Historische Reform im Auswärtigen Amt: Ministerium wird von Grund auf umgekrempelt
Gönül Jacobi JäckelHistorische Reform im Auswärtigen Amt: Ministerium wird von Grund auf umgekrempelt
Das Auswärtige Amt durchläuft die tiefgreifendste Strukturreform seit Jahren. Bundesaußenminister Johann Wadephul (CDU) hat die umfassende Umgestaltung eingeleitet, die weitreichende Veränderungen in Organisation und Arbeitsweise des Ministeriums mit sich bringt.
Die beamteten Staatssekretäre Géza Andreas von Geyr und Bernhard Kotsch leiten die Reform. Im Rahmen der Neuordnung werden vier Unterabteilungen und neun Fachreferate aufgelöst, ganze Abteilungen zusammengelegt oder umstrukturiert.
Die Position des Politischen Direktors wird neu definiert – erfahrene Diplomaten werten dies als Schwächung seines Einflusses. Der Posten verliert zentrale Länderverantwortungen, darunter die Zuständigkeit für die USA und Kanada, die künftig in einer neu geschaffenen Amerika-Abteilung gebündelt werden. Auch die Betreuung Russlands und der Ukraine wechselt den Bereich und wird künftig vom Europa-Referat übernommen.

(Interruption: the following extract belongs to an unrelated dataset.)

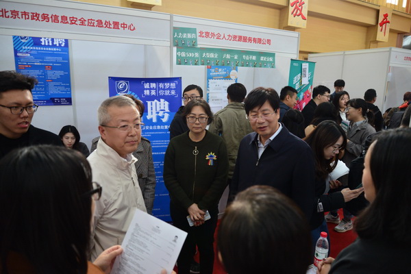 10月25日下午,开元集团网站与北京市教委高校毕业生就业指导中心联合举办的2020届毕业生秋季第二场校园招聘会在小营校区大学生文化艺术中心举办。校党委书记王传亮,校党委副书记、校长王永生,副校长陈刚到招聘会现场了解学生应聘及就业情况。

Fast alle der 3.000 Mitarbeiter des Auswärtigen Amts erhalten neue E-Mail-Adressen. Beschäftigte in umstrukturierten Bereichen werden im Herbst ihre Büros wechseln. Zudem werden im Zuge der Reform sämtliche Einheiten in der Berliner Zentrale umbenannt.
Die Reform stellt einen einschneidenden Wandel der internen Strukturen des Auswärtigen Amts dar. Die Belegschaft muss sich auf neue Aufgaben, Standorte und Abläufe einstellen, während das Ministerium die weitreichendsten Veränderungen seit langem umsetzt.